Figure 1: Geographic, linguistic and genetic overview of 52 Native American populations.
A complication in studying Native American genetic history is admixture with European and African immigrants since 1492. Cluster analysis16 shows that many of the samples we examined have some non-native admixture (an average of 8.5%; Fig. 1b and Supplementary Tables 1 and 3). This admixture is a challenge for learning about the historical relationships among the populations, and to address this complication we used three independent approaches. First, we restricted analyses to 163 Native Americans from 34 populations without evidence of admixture (Supplementary Notes). Second, we subtracted the expected contribution of European and African ancestry to the statistics we used to learn about population relationships (Supplementary Notes). Third, we inferred the probability of non-native ancestry at each genomic segment and ‘masked’ segments with more than a negligible probability of this ancestry (Fig. 1b, Supplementary Notes and Supplementary Fig. 2). Our inferences from these three approaches are concordant (Supplementary Figs 3 and 4).
We built a tree (Fig. 1c) using Fst distances between pairs of populations, which broadly agrees with geography and linguistic categories17 (trees based on masked and unmasked data were similar; Supplementary Fig. 3).
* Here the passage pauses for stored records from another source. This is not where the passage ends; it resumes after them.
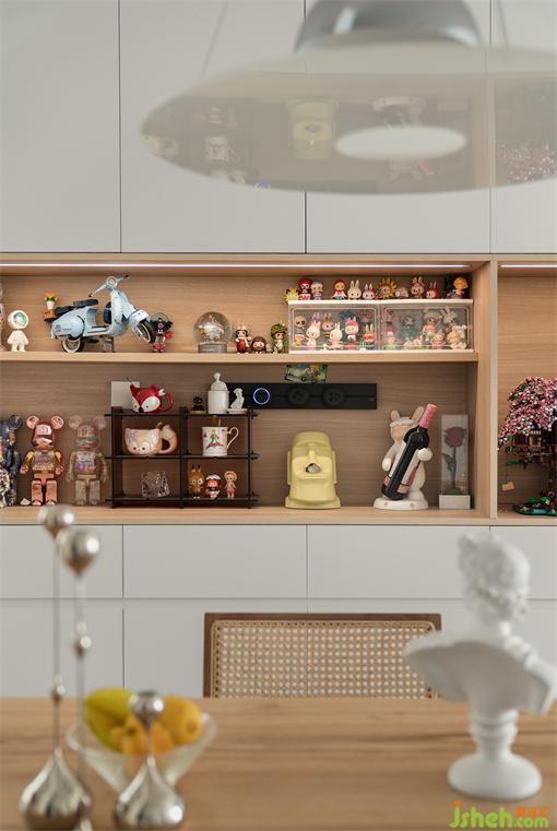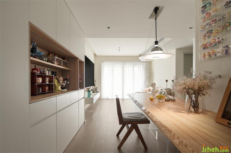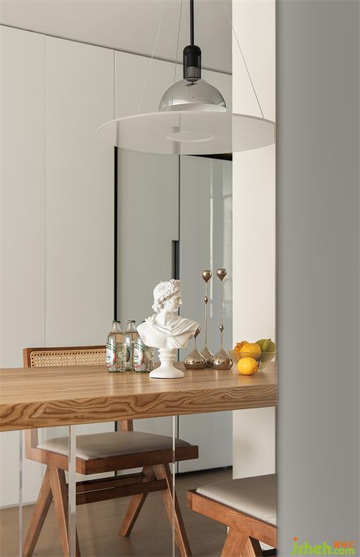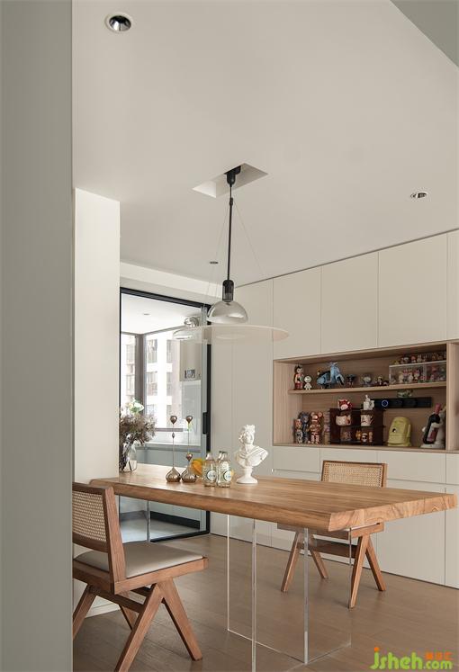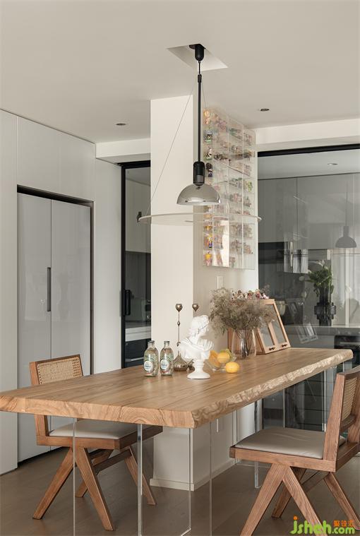 打通廚房餐廳空間,餐桌定制造型與承重墻結(jié)合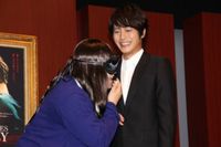 また、溝端は黒沢に「髪の毛がとってもきれいですね」とほめたが、黒沢は「ヅラです……」と告白し、会場は大爆笑。溝端は「すみません!」と大慌て。さらに溝端は黒沢について「とても女性らしさがある方。とっても乙女な心がある素晴らしい人」とほめちぎったが、黒沢は「うれしいです。ヅラなのは気づいてもらえなかったけど」と突っ込み、また、会場は爆笑の渦となった。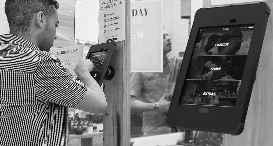Barbershop located in a busy shopping precinct allows customers to book in via a wall mounted Samsung tablet, streamlining customer flows and letting staff get on with the job at hand.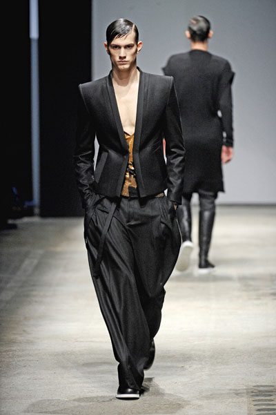 คอลเลคชั่นเสื้อผ้าจาก SONGZIO 2011 MEN โทนสีทั้งหมดเป็นสี เทา-ดำ เช่นเดิม ด้วยรูปทรงต่างๆที่ดูแปลกใหม่สำหรับเสื้อผ้าของผู้ชายทำให้เป็นอีกหนึ่งคอลเลคชั่นที่น่าสนใจ และสิ่งที่เขามักจะเน้นในหลายๆคอลเลคชั่นคือ สิ่งที่แสดงถึงความเป็น “ชาย” ในฟอร์มของเสื้อผ้า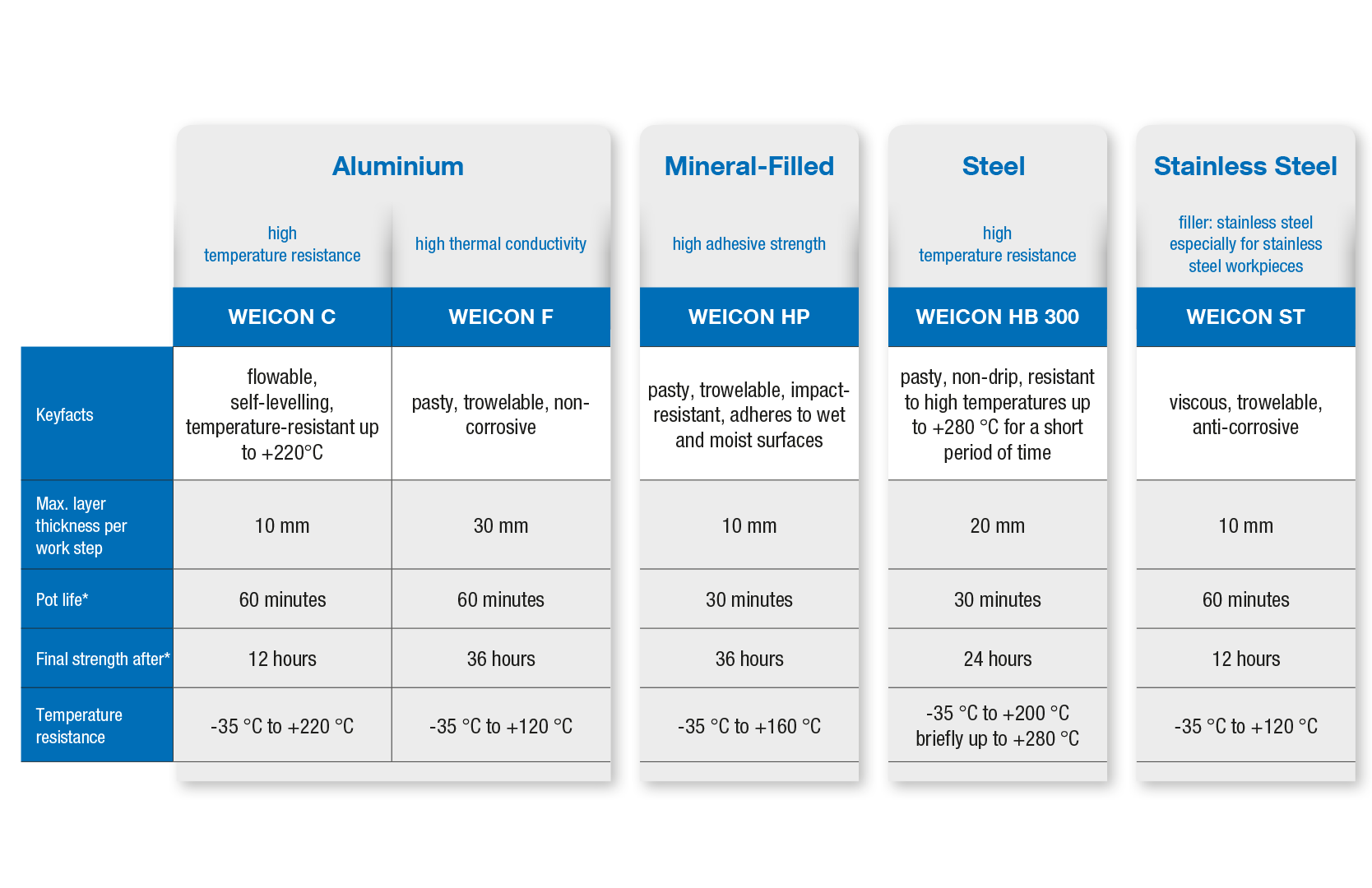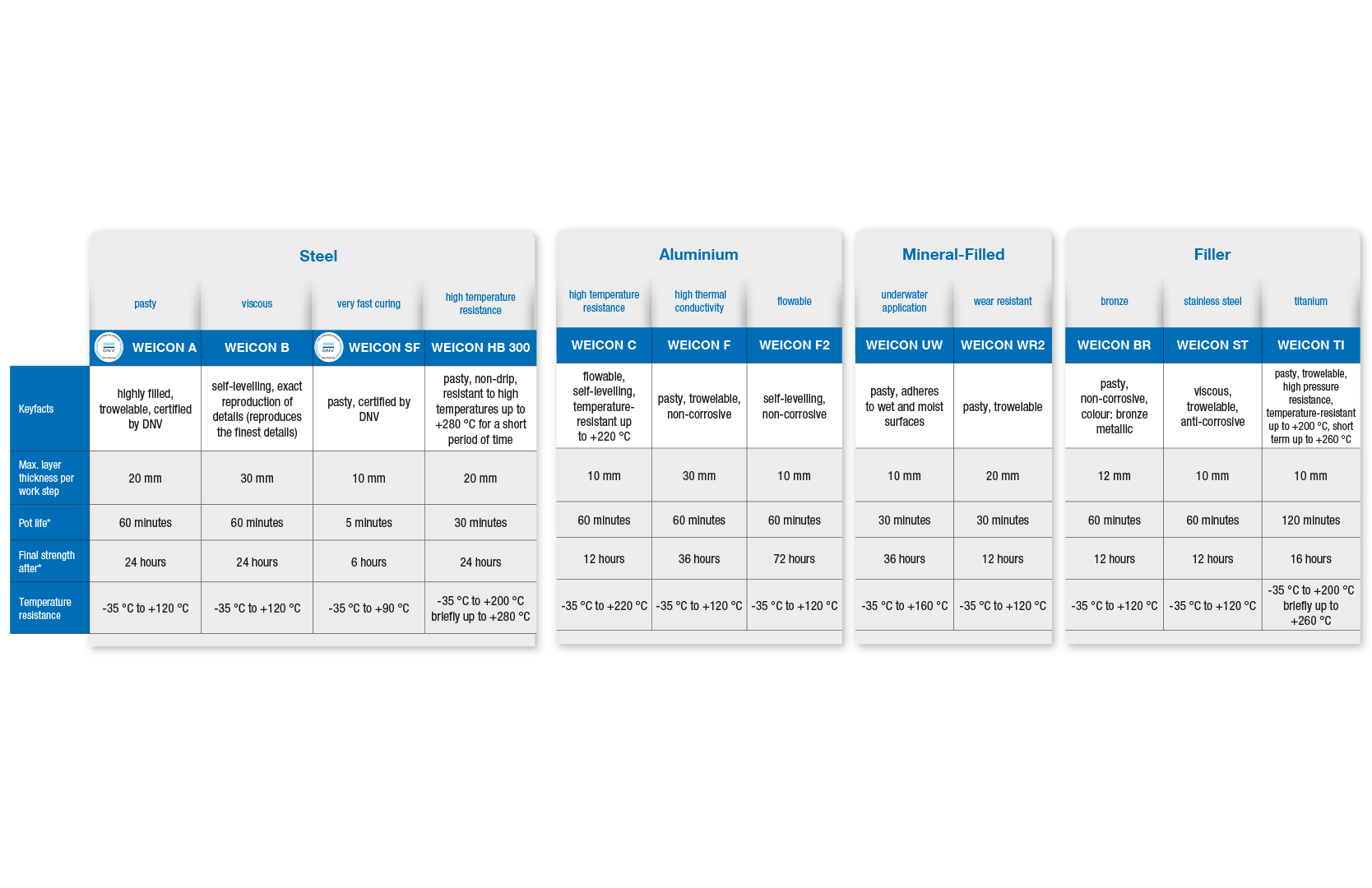 WEICON biedt een hele reeks producten die als gietmassa, voor opvulling en voor spleetcompensatie kunnen worden ingezet. Ze vinden ook hun weg bij de productie van prototypes of bevestigingsmiddelen. De speciaalproducten kunnen ook worden toegepast voor de reparatie van transportsystemen, glijbanen of geleiderails. De epoxyharsen bieden uitkomst in de staalbouw, het spoor, kraaninstallaties en bij de brugreparatie. De voordelen van deze reparatiesystemen zijn een hoge vloeibaarheid, een hoge adhesie en een zeer goede drukbestendigheid. Bovendien bieden ze langdurige corrosiebescherming.

An early split separates Asians from Native Americans and extreme northeastern Siberians (Chukchi, Naukan, Koryak), which is consistent with studies that have identified pan-American variants shared with some northeastern Siberians6,7,10,18. Eskimo–Aleut speakers and far-northeastern Siberians form a cluster that is separated from other Native American populations by a long internal branch. Within America the tree shows a series of splits in an approximate north–south sequence beginning with the Arctic, followed by northern North America, northern/central and southern Mexico and lower Central America/Colombia, and ending in three South American clusters (the Andes, the Chaco region and eastern South America). This pattern of splits is consistent with a north–south population expansion, an inference that is also supported by the negative correlation between heterozygosity and distance from the Bering Strait (r = −0.48, P = 0.007). This correlation increases if we use ‘least cost distances’ that consider the coasts as facilitators of migration19,20,21, and persists if we exclude four Native North American populations with ancestry from later streams of Asian gene flow (Supplementary Notes and Supplementary Fig. 5).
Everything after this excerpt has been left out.